The university itself has remained silent on both Roseman’s removal and Jikeli’s installation as departmental head, and did not respond to multiple questions about why the change was made or to requests for interviews with the officials responsible.

Faculty input is usually weighted heavily when selecting department chairs and program directors. Rick Van Kooten, the humanities dean, acknowledged during a faculty meeting that Imhoff, the chair of the religious studies department, had received more nominations to replace Roseman than Jikeli. Imhoff said Van Kooten claimed that she could not serve as interim director because she was already chair of the religious studies department. Van Kooten did not respond to a request for comment but Imhoff said this is not a university policy.

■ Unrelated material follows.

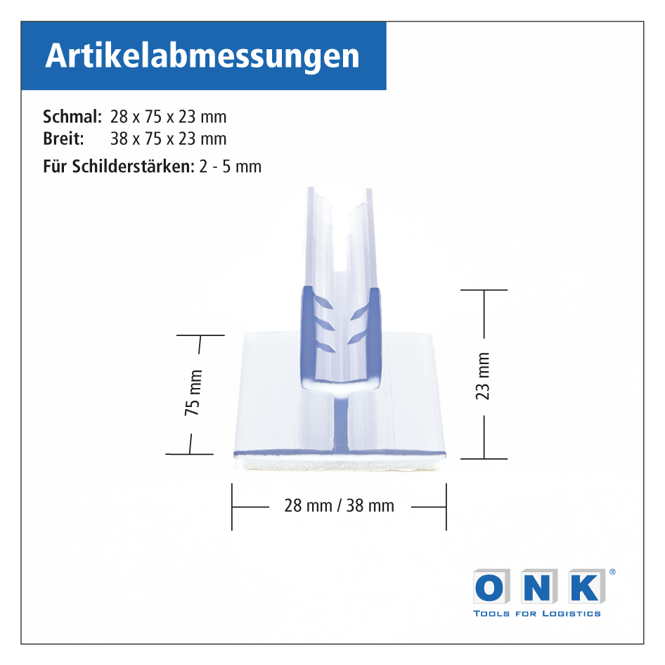 • 28 mm (B) x 75 mm (L) x 23 mm (H), für eine Materialstärke von 2 mm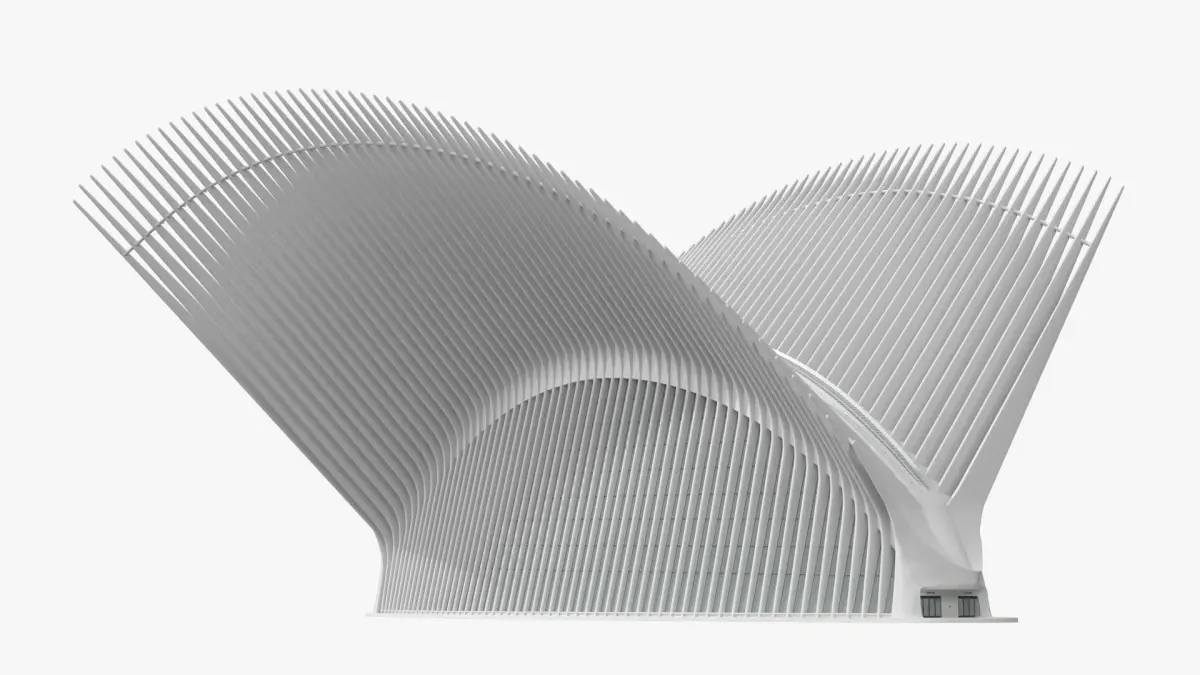 Calatrava’s Oculus Curved Transit Hall is a 3d model of a futuristic architectural structure, showcasing innovative design and modern aesthetics.

(Jewish studies is a “program” at IU, meaning its faculty report to home departments like religious studies or English.)
The leadership transition rankled many faculty members, who speculated that it had been sparked by donors who believed that the program was too tolerant of research hostile toward Israel, or was the result of pressure from political leaders — both federal and state — to address campus antisemitism related to protests against Israel.
If outside pressure did cause Jikeli’s installation, that isn’t necessarily a bad thing, argued Allon Friedman, a professor of medicine at Indiana University’s Indianapolis campus and the leader of a Jewish advocacy group in the state.
“The goal is to keep institutions and departments like his free of harmful ideology,” Friedman said, speaking in his capacity as president of the Jewish American Affairs Committee of Indiana. “He’s trying to make his department serious again.”
The contested rise of antisemitism studies
Jikeli’s emergence from the small field of antisemitism studies to lead one of the country’s most prominent Jewish studies programs tracks a larger trend in higher education. In the aftermath of the Second Intifada, amid concerns over the climate around Israel on college campuses, Jewish donors turned from a focus on Jewish studies — which has historically had an extremely broad mandate — to create the discipline of Israel studies. But funding for that field has been imperiled by the gap between what many of these philanthropists hoped to create — faculty who could serve as a bulwark against anti-Zionism — and the critical analysis of the Israeli-Palestinian conflict that they often delivered.
Centers devoted to antisemitism studies, a relatively new discipline often focused on contemporary issues related to anti-Zionism, began to fill that gap with a more concrete mandate to thwart Israel’s critics, who many Jews, though certainly not all, believe are fostering an antisemitic environment on campus and beyond.
Alvin Rosenfeld (no relation), who founded the Jewish studies program at Indiana in 1972, helped pioneer this new response to Israel’s critics. He created the Institute for the Study of Contemporary Antisemitism in 2009 with a focus on radical Islam and left-wing hostility toward Israel; Jikeli came to the school in 2019 to serve as associate director of the institute.
“The hostility that calls itself anti-Zionism is not a dispassionate affair at all, and since Oct. 7 it has become really very fiercely, fiercely antisemitic,” Rosenfeld said in an interview. “We’re doing our best to root out its manifestations.”
Other schools have adopted similar approaches since Oct. 7, some of which appear more focused on advocacy than traditional academic study. At Emory University, Deborah Lipstadt, the Holocaust scholar and former State Department antisemitism envoy, is preparing to launch an institute that she said “will be focused on policy.” It will continue her efforts to promote the International Holocaust Remembrance Alliance’s definition of antisemitism, which classifies most anti-Zionism as a form of discrimination.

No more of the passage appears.